Molecular dynamics investigation on complete Mie-Grüneisen equation of state: Al and Pb as prototypes

Abstract Molecular dynamics (MD) simulations are carried out to comprehensively investigate the Hugoniot curve, isotherms, isentropes, and internal energy, as well as the Mie-Gruneisen equation of state (EOS) for single-crystal Al and Pb via multi-scale shock technology (MSST) in the open source software Large-scale Atomic/Molecular Massively Parallel Simulator, or LAMMPS. The temperatures (TH and TS) along the Hugoniot curve and isentrope, the entropy increment (ΔSH) along the Hugoniot curve, and the Gruneisen coefficient γ are calculated and discussed based on the linear relation of shock wave velocity and particle velocity.
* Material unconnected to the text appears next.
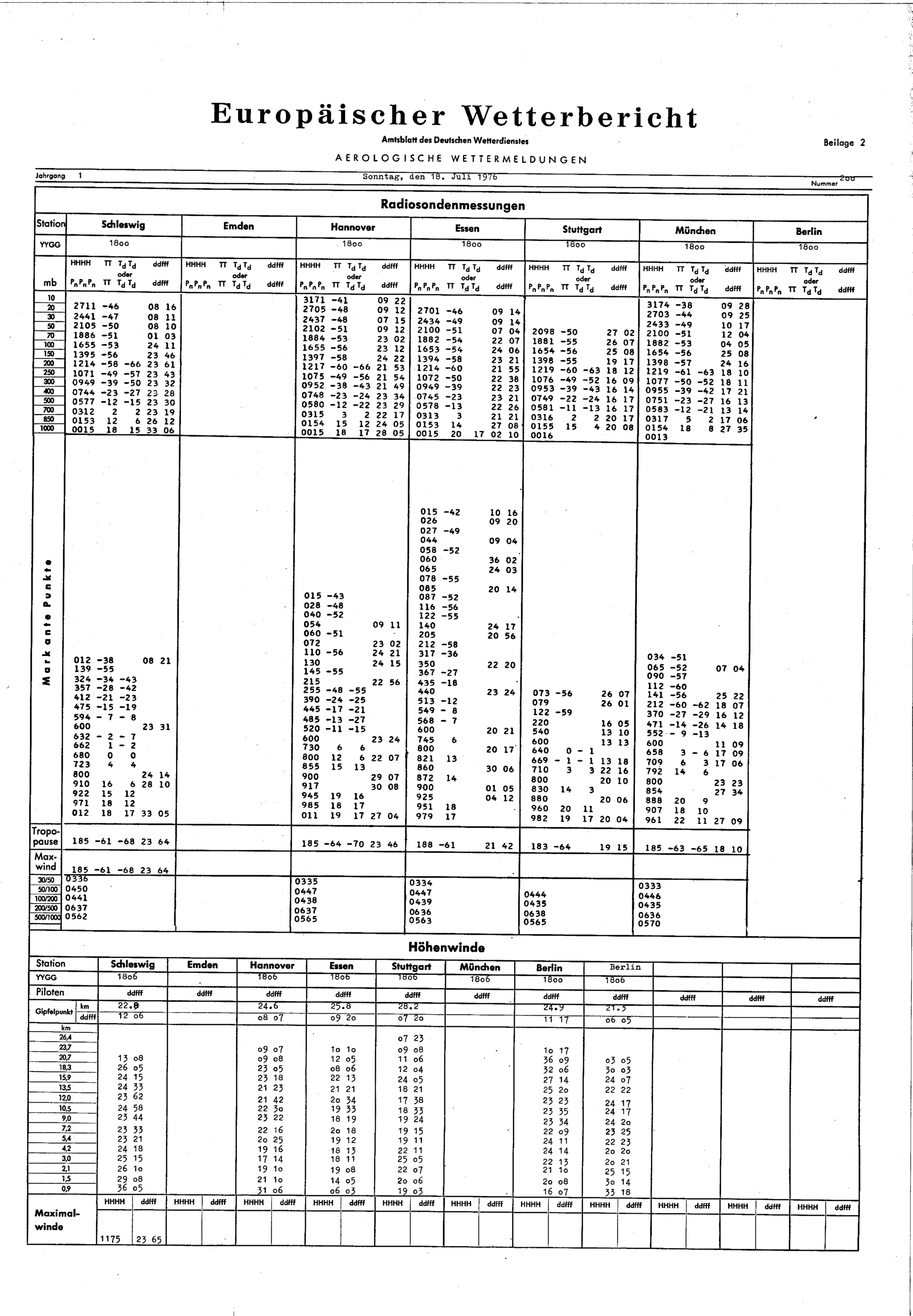 Europäischer Wetterbericht. Beilage 2, Aerologische Wettermeldungen. 1976-1994

Meanwhile, based on the assumptions that γ is only a function of the specific volume V and the specific heat cV = constant, the typical incomplete Mie-Gruneisen EOS is thermodynamically extended to the complete equations of state (EOSs) utilizing the Hugoniot relation as the reference curve at pressures up to 300 GPa. The incomplete and complete Mie-Gruneisen EOSs show a concave surface in the pressure-specific volume-internal energy (P–V-E), pressure-specific volume-shock Hugoniot temperature (P–V-TH), and pressure-specific volume-entropy increment (P–V-ΔSH) spaces.